Q: You can picture yourself in the shoes of a KGB agent trying to ride herd on a bunch of foreigners, and that would not be fun.
STEWART: A lot of my KGB associates were certainly not bad personally, and if the system had not been what it was, there were several that I would have been friends with.
I remember having lunch with one KGB officer who was older than I was, somewhere in his 40s. He had spent a good deal of time in the West, his English was very good, but he always had trouble getting U.S. visas because he had been involved at one point in industrial espionage. He knew the western system well enough, and he mused to me, “You know, if I were in Chicago or in London, I could be a corporate CEO or maybe a number two, but I can’t have that kind of responsibility here at my age.” He was right.
“I felt like James Bond”
Q: Were there attempts by the KGB to compromise you?

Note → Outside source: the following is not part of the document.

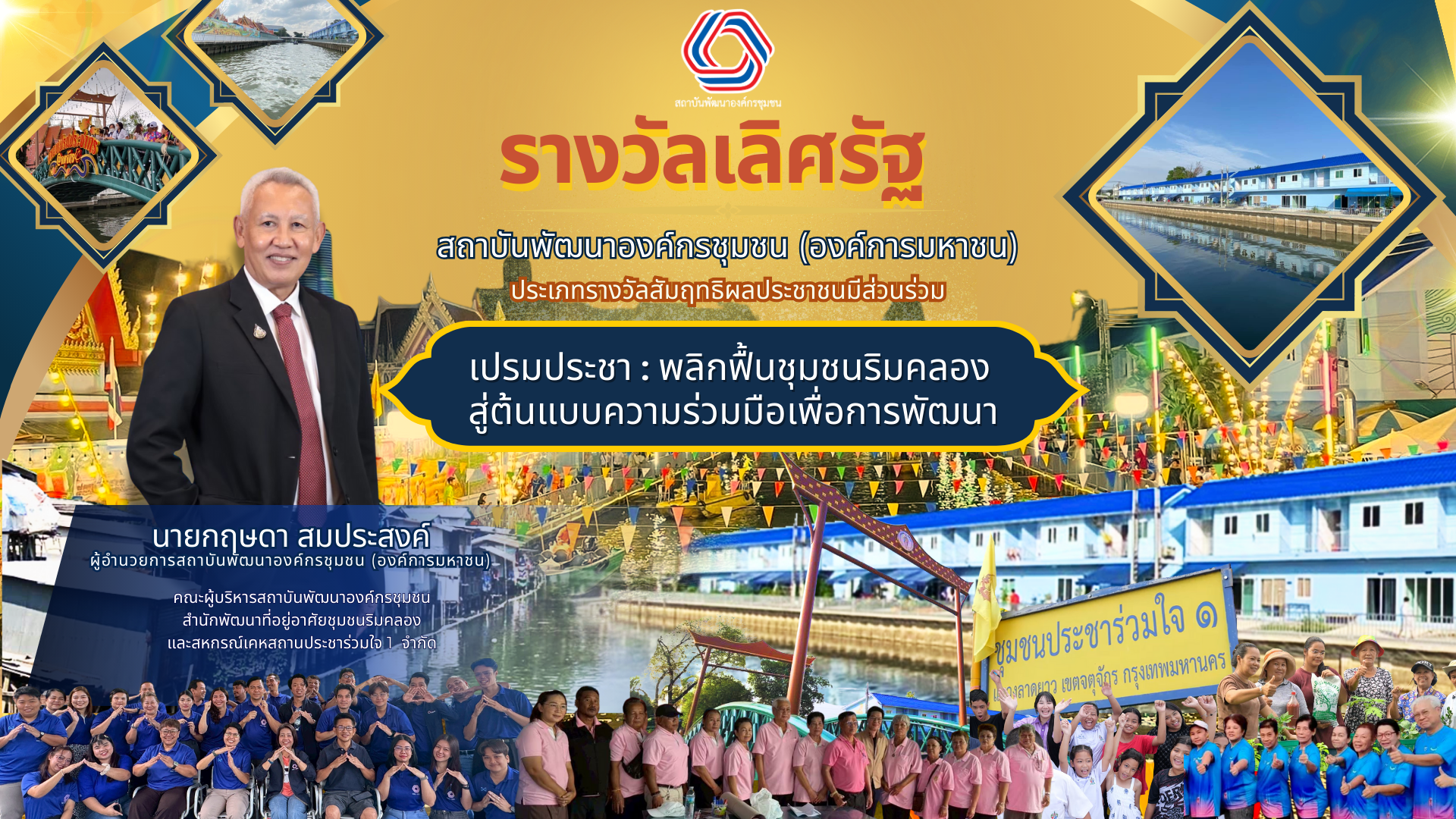รางวัลเลิศรัฐ สาขาการบริหารราชการแบบมีส่วนร่วม ระดับดี: จากผลงาน “เปรมประชา : พลิกฟื้นชุมชนริมคลอง สู่ต้นแบบความร่วมมือการพัฒนา” ซึ่งเป็นโครงการที่โดดเด่นในการสร้างความร่วมมือระหว่างภาครัฐ ชุมชน และภาคีเครือข่าย เพื่อแก้ไขปัญหาที่อยู่อาศัยและการรุกล้ำพื้นที่สาธารณะริมคลองเปรมประชากรอย่างเป็นระบบและเป็นธรรม จนสามารถยกระดับคุณภาพชีวิตของคนในชุมชนและสร้างเป็นต้นแบบการพัฒนาที่สามารถขยายผลได้จริง ได้แก่ ชุมชนประชาร่วมใจ1 เขตจตุจักร กรุงเทพมหานคร

LEHOVICH: Yes, there were attempts to compromise a couple of my other colleagues. I was not put in that particular situation. I think what they were doing was conducting very intensive biographic intelligence on me, personality surveillance, psychological profiling. I think they were looking at me much more in terms of the long term than anything they wanted to mess up right there and then. I presume they knew that I was going to join the diplomatic service. I didn’t conceal this kind of thing. So, the KGB was actually very decent to me. I knew that they were around all the time. They got me cabs without my knowing it or asking for it.
Once, they pulled me out of a very nasty situation with a half-crazy drunk whose hobby was fist-fighting. He was very good at it. A half-crazy drunk on a snowy night attacked me and was amusing himself by having me on the ground and was stomping on my ears. That’s a very frustrating situation…when some guy is stomping on your ears, when you’re lying on the ground, with the heel of his foot. Luckily, I had a hat on, which didn’t come off. Even more luckily, a taxi pulled up, which I should have noticed earlier was in the neighborhood because of me.

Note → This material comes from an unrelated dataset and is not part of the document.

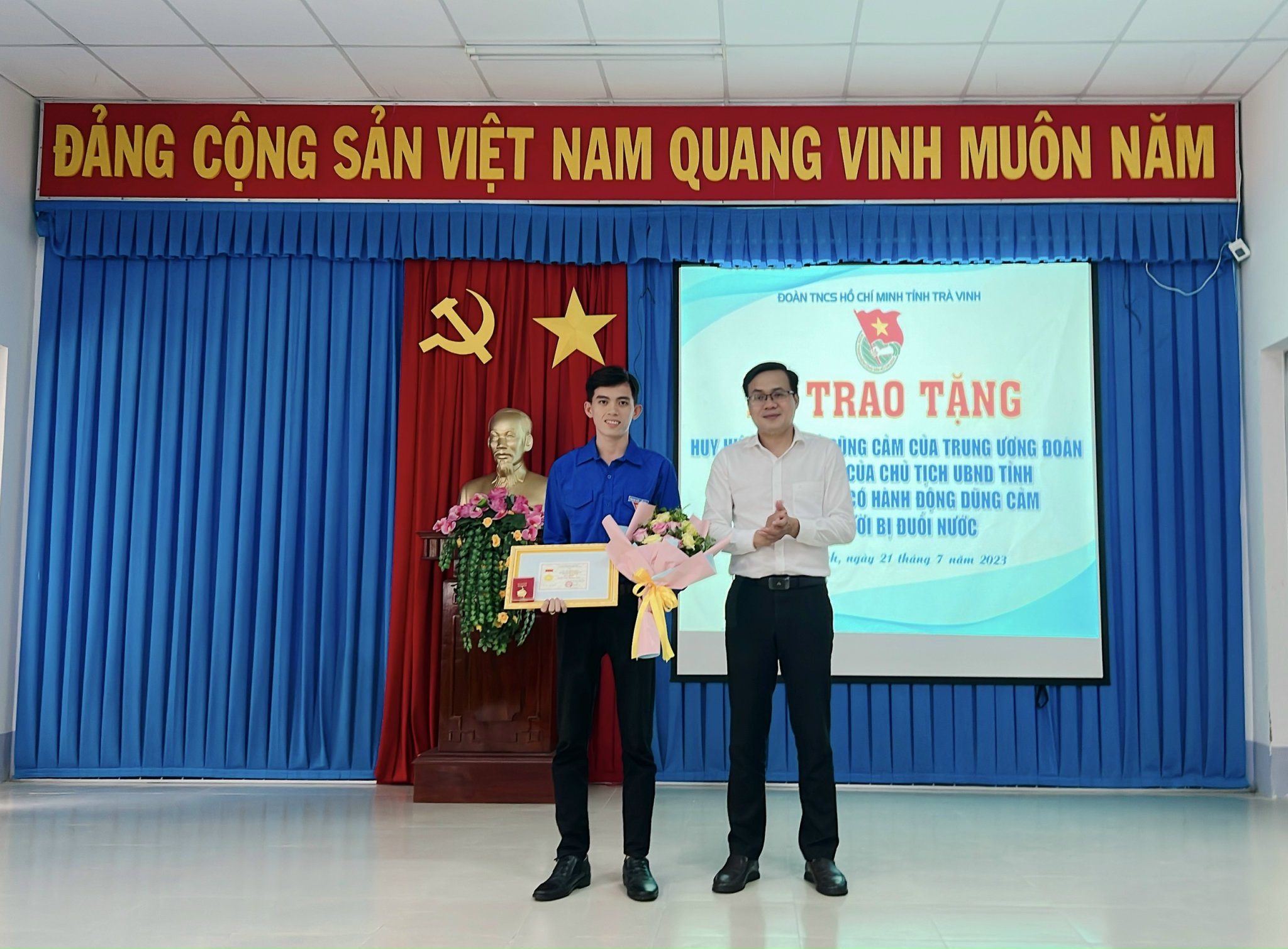 Đồng chí Nguyễn Thanh Nhã, Phó Bí thư Tỉnh đoàn trao tặng Huy hiệu “Tuổi trẻ Dũng cảm” của Trung ương Đoàn cho đồng chí Võ Minh Luân

The driver got out and I saw from the ground out of the corner of my eye, he took the guy who was stomping on me, he hit him only once in the back of the neck, and then he stacked him like a big bag of potatoes against the wall. Then he changed the expression on his face to a friendly one and in a friendly way asked me if I wanted a taxi ride. That was the KGB.
So, I didn’t have any hostile behavior. The rules we played by, those of us who were reasonable about it, was not to make life hard for those guys and we didn’t.
Q: I’ve had problems with young Foreign Service officers who start playing games. I think, as you get older, you understand your surveillants are people doing their job and you don’t play games. Why make it more difficult for them?
LEHOVICH: There’s a big temptation to do it. I remember clearly that we were told in a very unambiguous way before and during not to do that. Apparently, it was convincing.
The real reason you don’t do it is because they have one of the dumber jobs in the country, and they were not being well-rewarded for it. It’s not a particular glamorous job to tail people like me around. If you don’t bother them, they think they’ve done a great job. They think they’ve followed you all day, know a lot about you, and have not fallen into disgrace and you haven’t made an obscene gesture at them or anything like that.
The only thing I ever did to those guys, which I think was a good thing to do on balance, was one evening when I was with a young lady at a cafe, one of these hard to find cafes in Moscow, called “The Cafe Lyra,” which was open rather late every day and had a good omelet and very cheap champagne, a very drinkable kind. I sent a bottle of champagne and a glass with my compliments to the KGB monitor who followed me around most evenings. This fellow then left. I didn’t mean for him to leave. I hoped he might enjoy the champagne, but he left. I felt more like James Bond than I ever had before or ever have since. I don’t think that was an unfriendly thing to do to the guy.